_TASK REQUIREMENTS_: Quote word for word from the line holding "Begin by categorizing" to the last line below, including both, and omit any pictures.
### AVAILABLE DATA
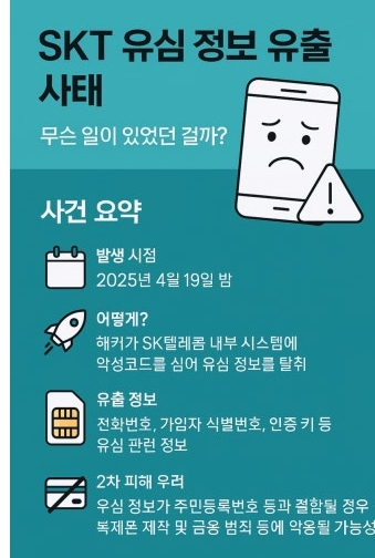 SKT 유심 해킹은 단순한 개인정보 탈취를 넘어 실질적인 금전 피해로 이어질 수 있는 위험한 공격입니다. 유심 재발급 차단, 이중 인증 설정, 통신 이상 징후 감지 등의 방법을 활용해 스스로 보안을 강화해야 합니다. 보안은 선택이 아닌 필수입니다. 오늘 바로 보안 점검을 시작하세요!
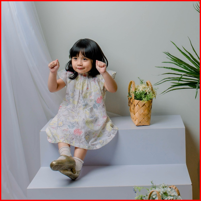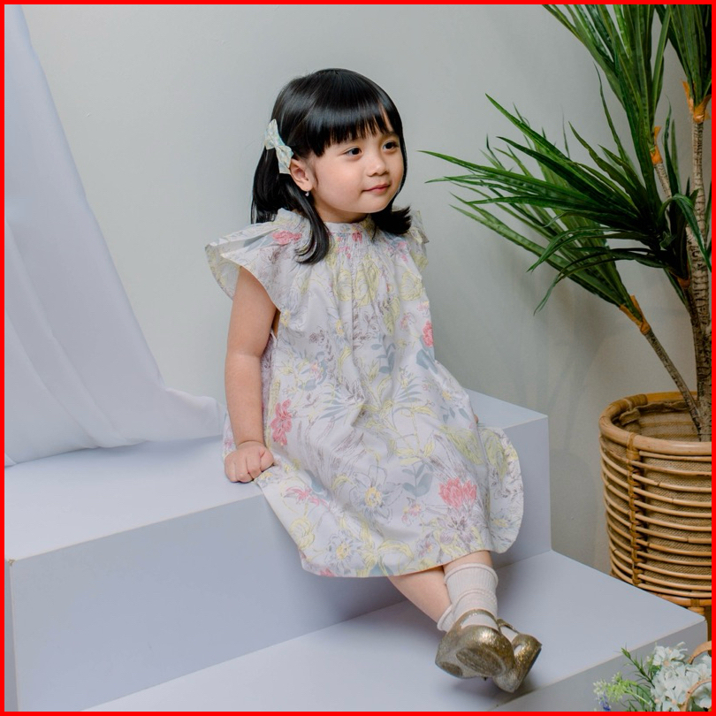 1-4 Tahun Gaia-dress Anak Smocked Dress Smock Anak Perempuan Dress Casual Anak Dress Korea Anak Perempuan Dress Natal An
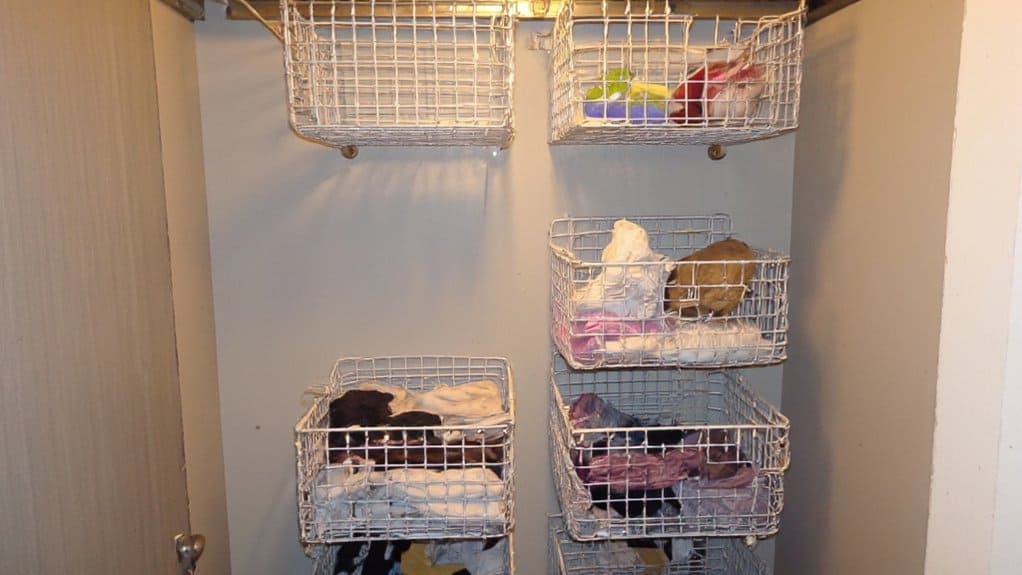 Begin by categorizing your belongings and assigning each category to a specific basket—socks in one, scarves in another, for instance—to create a clear system. Label each basket if needed to maintain order and guarantee quick identification. Regularly declutter by removing items you no longer use, and adjust the basket contents seasonally to keep the system functional and uncluttered.
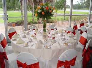 Столы и стулья чаще всего накрываются скатертями светлых тонов с кружевами или каким-либо рисунком. Сейчас модно делать специальные чехлы, которые украшают не только стол, но и стулья. Их можно сделать своими руками, пошить на заказ или взять напрокат. Чаще всего они выполняются из одной плотной скатерти и украшаются легкой органзой или шифоном в виде волн, зигзагов, цветов. Также не забывают делать цветочные аппликации, вся ткань должна соответствовать заданной цветовой гамме.
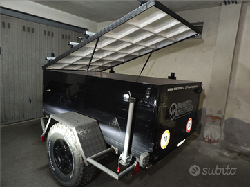 Vendo carrello esemplare unico in Italia, omologato, dotato di n°4 portapacchi della rinho rack, 3 cerci in lega Toyota, gomme Bf goodrich mud 33, stabilizzatori, tendalino laterale Raptor, vasca acqua con motore da 60 litri, cassettiera ARB, batteria 12v, impianto 12v e 220w, carico esterno per acqua, prese esterne per alimentazione 220w, tetto apribile autonomamente, il carrello è interamente in alluminio.
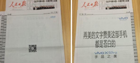 新媒体与纸媒资源 但如果你是主营保健品以及中老年产品和服务的品牌,就还是应当以传统媒体作为主要推广渠道。这类渠道包括电视广告,自然也包含纸媒。 而且当你主营的是具有地域性特色的产品时,纸媒也是派的上用场的。此外再举个栗子,如果你的消费群体是年龄成熟并且文化层次较高的人群的时候,选择具有知名度的纸媒进行推广,肯定比选择各类新媒体平台效果要好。 新媒体和纸媒资源,既可以单独用于企业和品牌的推广,也可以线上线下结合来共同为品牌推广出力。只要能覆盖到更多的目标群体,那么这一系列动作就都是有意义的。 有资源也要有套路 在这里戈壁传媒还想说,充分将新媒体和纸媒资源利用起来后,在具体实施推广的时候,还是要花点心思,整点套路,才能获得更好的曝光率与关注度。 在各类新媒体平台进行推广的时候,可以将广告写成段子,做成漫画或者视频。在当今的新媒体传播环境中,只有更有意思的推广形式,才不会让火眼金睛的消费者们感到排斥。 此外,中规中矩的纸媒,也是可以玩出新花样的。 例如vivo手机就曾经在2015年,在人民日报上用了整整四个空白版面来为产品打广告。消费者先是看的一头雾水,直到看到最后一版的大体文字:再美的文字赞美这部手机都是苍白。才恍然大悟,这是在用传统的报纸打了一次创意十足的广告,传播效果与话题度满分。
######
_ANSWER FOR THIS EXERCISE_:
 Begin by categorizing your belongings and assigning each category to a specific basket—socks in one, scarves in another, for instance—to create a clear system. Label each basket if needed to maintain order and guarantee quick identification. Regularly declutter by removing items you no longer use, and adjust the basket contents seasonally to keep the system functional and uncluttered.
 Столы и стулья чаще всего накрываются скатертями светлых тонов с кружевами или каким-либо рисунком. Сейчас модно делать специальные чехлы, которые украшают не только стол, но и стулья. Их можно сделать своими руками, пошить на заказ или взять напрокат. Чаще всего они выполняются из одной плотной скатерти и украшаются легкой органзой или шифоном в виде волн, зигзагов, цветов. Также не забывают делать цветочные аппликации, вся ткань должна соответствовать заданной цветовой гамме.
 Vendo carrello esemplare unico in Italia, omologato, dotato di n°4 portapacchi della rinho rack, 3 cerci in lega Toyota, gomme Bf goodrich mud 33, stabilizzatori, tendalino laterale Raptor, vasca acqua con motore da 60 litri, cassettiera ARB, batteria 12v, impianto 12v e 220w, carico esterno per acqua, prese esterne per alimentazione 220w, tetto apribile autonomamente, il carrello è interamente in alluminio.
 新媒体与纸媒资源 但如果你是主营保健品以及中老年产品和服务的品牌,就还是应当以传统媒体作为主要推广渠道。这类渠道包括电视广告,自然也包含纸媒。 而且当你主营的是具有地域性特色的产品时,纸媒也是派的上用场的。此外再举个栗子,如果你的消费群体是年龄成熟并且文化层次较高的人群的时候,选择具有知名度的纸媒进行推广,肯定比选择各类新媒体平台效果要好。 新媒体和纸媒资源,既可以单独用于企业和品牌的推广,也可以线上线下结合来共同为品牌推广出力。只要能覆盖到更多的目标群体,那么这一系列动作就都是有意义的。 有资源也要有套路 在这里戈壁传媒还想说,充分将新媒体和纸媒资源利用起来后,在具体实施推广的时候,还是要花点心思,整点套路,才能获得更好的曝光率与关注度。 在各类新媒体平台进行推广的时候,可以将广告写成段子,做成漫画或者视频。在当今的新媒体传播环境中,只有更有意思的推广形式,才不会让火眼金睛的消费者们感到排斥。 此外,中规中矩的纸媒,也是可以玩出新花样的。 例如vivo手机就曾经在2015年,在人民日报上用了整整四个空白版面来为产品打广告。消费者先是看的一头雾水,直到看到最后一版的大体文字:再美的文字赞美这部手机都是苍白。才恍然大悟,这是在用传统的报纸打了一次创意十足的广告,传播效果与话题度满分。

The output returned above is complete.